Hi all,
I've a problem on a heavy loaded database: vacuums don't work since
about a week. All I got is:
mybase=# vacuum verbose analyze public.mytable;
INFO: vacuuming "public.mytable"
(I stop it after hours)
Looking with top and iotop, I see the process takes some cpu and disk io
time during several minutes, then it seems to fall asleep.

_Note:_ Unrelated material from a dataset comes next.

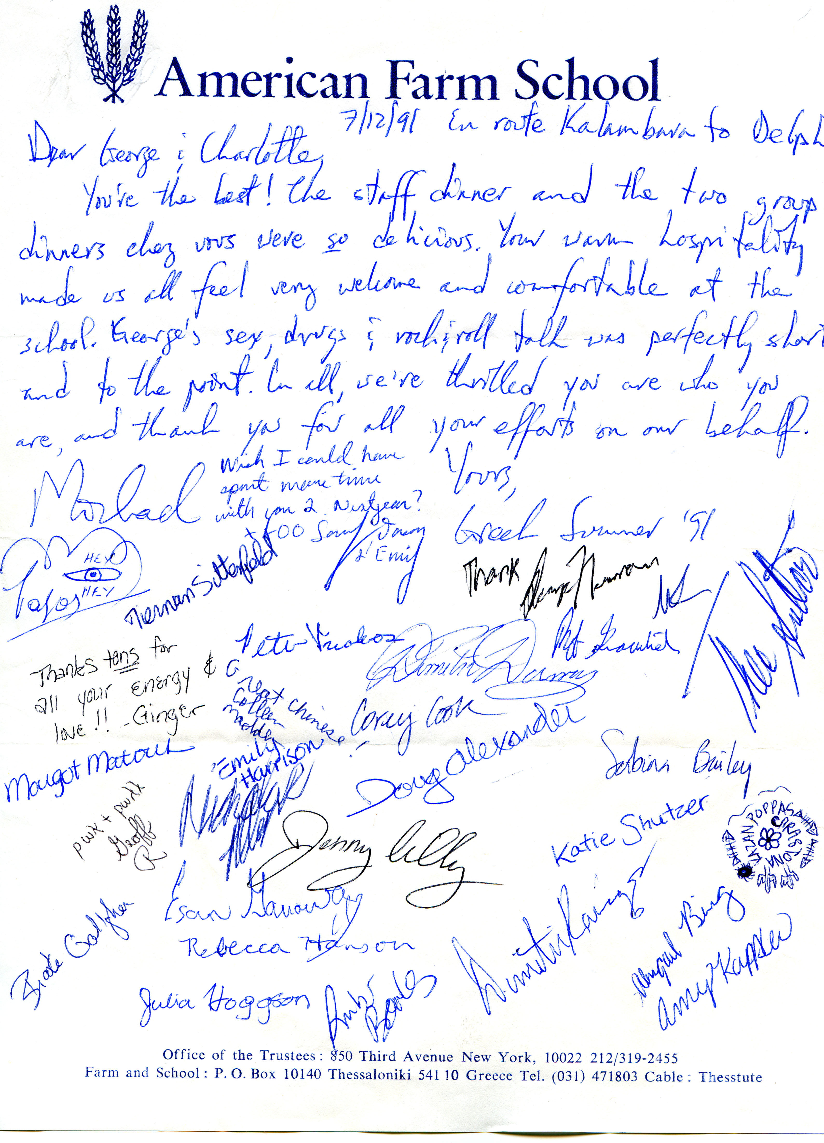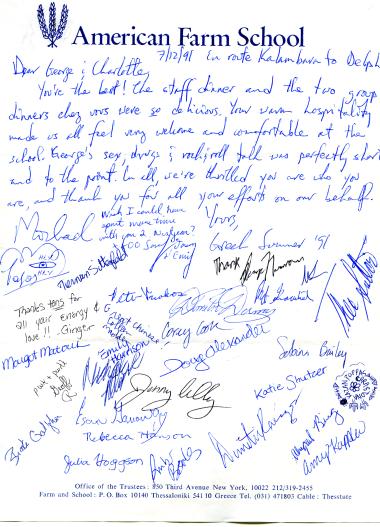 Ευχαριστήριο γράμμα από το Greek Summer 1991 προς τον πρόεδρο George Draper

The process isn't locked according to pg_stat_activity.
My setup:
- postgresql 8.3.7 with contribs ltree and pgcrypto
- OS: debian etch kernel 2.6.24
- HW: 8cores Xeon/32GB RAM/3RAID10 volumes(index, data, pgxlog)
- dbase size: about 240GB
- millions of queries/day
- 1000 locks continually
- about 200 simultanous connections
- load: 30%iowait, 60%user, 10%sys
Autovacuum is disabled to prevent it from loading the server during peak
hours.
Regular vacuums running each night as cron job
Since about a week the nightly vacuums don't work. I tried manual ones
with no avail, same symptoms as above on small tables (350 rows) as well
as on big ones (almost 1 billion rows)
As the croned vacuums don't run anymore, I see now autovacuums (to
prevent wraparound) running all the time, but their process don't use
any cpu time nor disk io.
Autovacuum seems to work well on the pg_catalog schema.
The problem seems to start with some queries lasting more 15 hours. I
tried to kill them (signal 15) with no avail.

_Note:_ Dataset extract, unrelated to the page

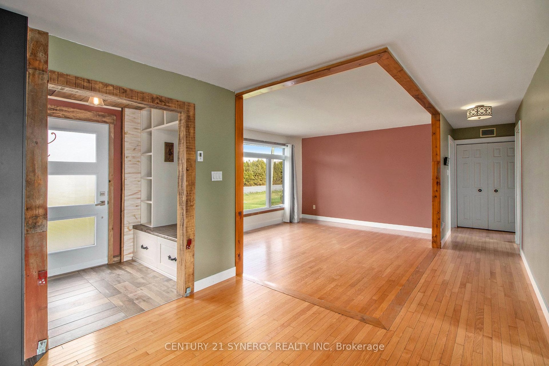 1 ACRE LOT Country Charm Meets In-Town Convenience! Discover the perfect blend of rural tranquility and urban accessibility with this beautifully maintained 3-bedroom, 2-bathroom detached bungalow, nestled on a spacious 1-acre lot in the heart of Casselman. Backing onto open farmland with no rear neighbours, this property offers breathtaking country views and a sense of privacy that's hard to find. Inside, the home features a functional main floor layout with a spacious primary bedroom and two additional well-sized rooms with custom built in closets, perfect for family, guests, or a home office. Hardwood and tile floors run throughout the main level, adding a clean, elegant touch. The heart of the home is the stylishly renovated kitchen (2018), complete with warm butcher block countertops and ample custom cabinetry ideal for home chefs and entertainers alike. A bright, updated 4-piece bathroom (2010) serves the main floor, while the fully finished basement includes a second large 4-piece bathroom with a double vanity, ideal for guests or a growing family. A cozy woodstove (2016) brings warmth and character to the lower level. Step outside to a beautifully landscaped backyard oasis featuring a 14 X 25 rough cut deck off the dining room, raised firepit, a productive vegetable garden, and plenty of open space to roam or relax. The oversized single garage (14' x 26') offers radiant floor heating & is perfect for parking, storage, or use as a workshop. Additional highlights Detached double door storage shed and the opportunity to build your own shop, ready for hydro with 2 4" conduit from the home to the shop area! Peaceful country living with easy access to local amenities, schools, and transportation. Don't miss this rare opportunity to own a slice of countryside comfort with all the modern features you need!

I can't restart the server as it's a big production server.
We're planning to upgrade the hardware soon, but I suspect we'll have
the same problems in the future as our platform is growing.
Does anyone have any info about this problem, and the means to prevent it ?
Thanks in advance.
Regards,
--
JC
Ph'nglui mglw'nafh Cthulhu n'gah Bill R'lyeh Wgah'nagl fhtagn!